Глядя на картины Олеси Матяш, хочется сказать: золотые руки у художницы! А вот рук у нее нет. Узнав ее поближе, удивляешься, какая потрясающая сила духа у этой девушки.
Глядя на картины Олеси Матяш, так и хочется сказать: золотые руки у художницы! Узнав ее поближе, удивляешься, какое же золотое сердце у этой девушки. И потрясающая сила духа. И железная воля. А вот рук у нее нет.
«Что со мной будет?»
У Олеси фигура манекенщицы, а глаза такой красоты, в которых тонешь, как в море. Перламутровая, ослепительная улыбка, тихий, женственный голос. Через несколько минут общения с ней ты в плену ее магнетизма и обаяния. И не замечаешь пустых рукавов.
В детстве девочка была ребенком талантливым и мечтательным. В теплое время года любила уходить на окраину города, в район старого кладбища, там ей хорошо думалось и рисовалось.

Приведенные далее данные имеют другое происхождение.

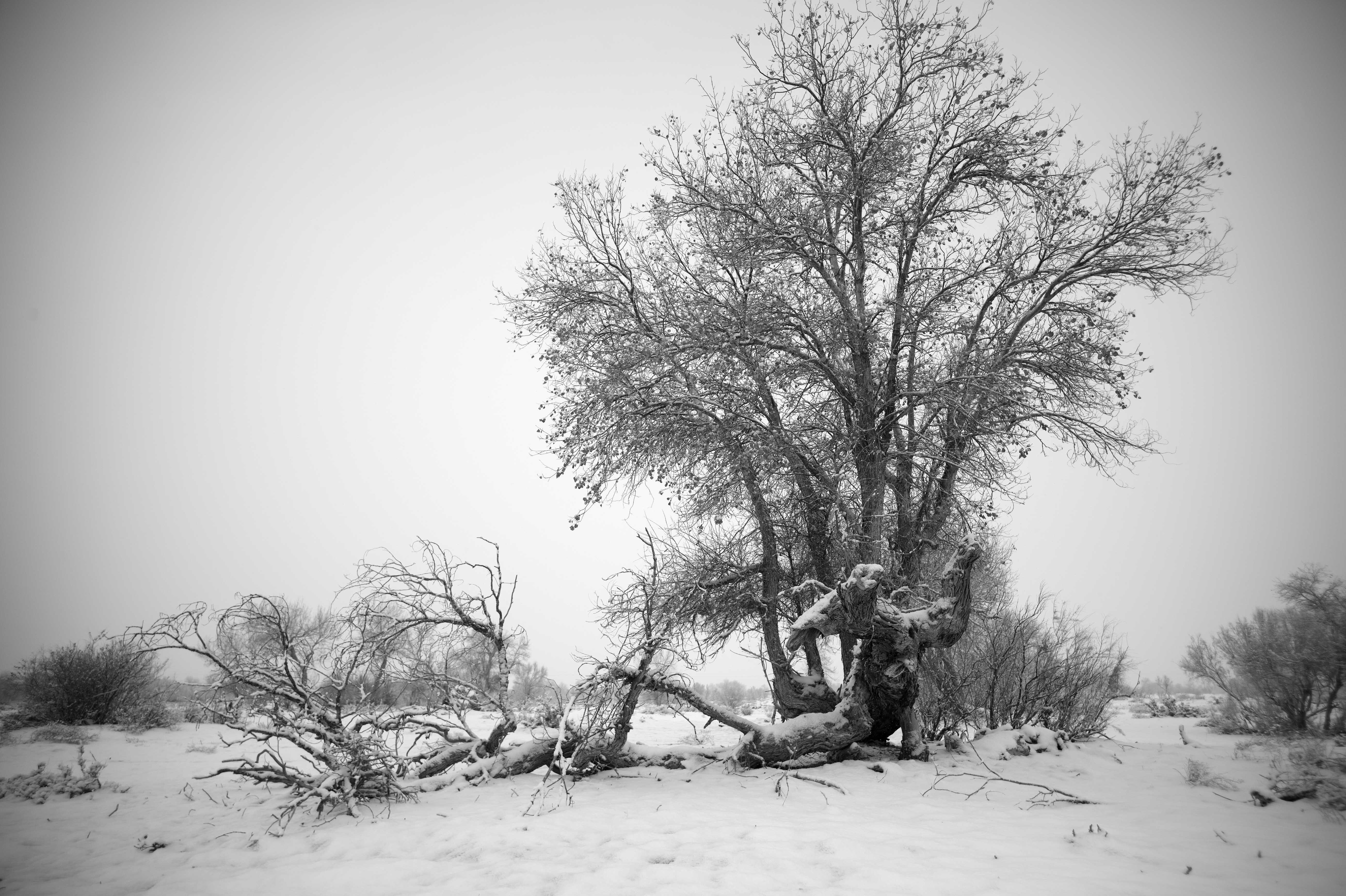 胡杨的美,也不是只美在秋季,冬天雪后,胡杨林更让人心悸。

– Находила уединенное место, писала стихи, делала какие-то рисунки. И много мечтала, – белозубо улыбается Олеся.
У девочки в школе были успехи по французскому языку, она видела себя успешной переводчицей в неведомой, но такой манящей Франции.
Рукав Олеськиной куртки зацепился за проклятый крюк, а старая кнопка на пульте управления запала и не слушалась команд
Все оборвалось душным августовским днем 1997 года. Младший брат уговорил Олесю пойти в общественные мастерские и прокатиться на летящем крюке кран-балки.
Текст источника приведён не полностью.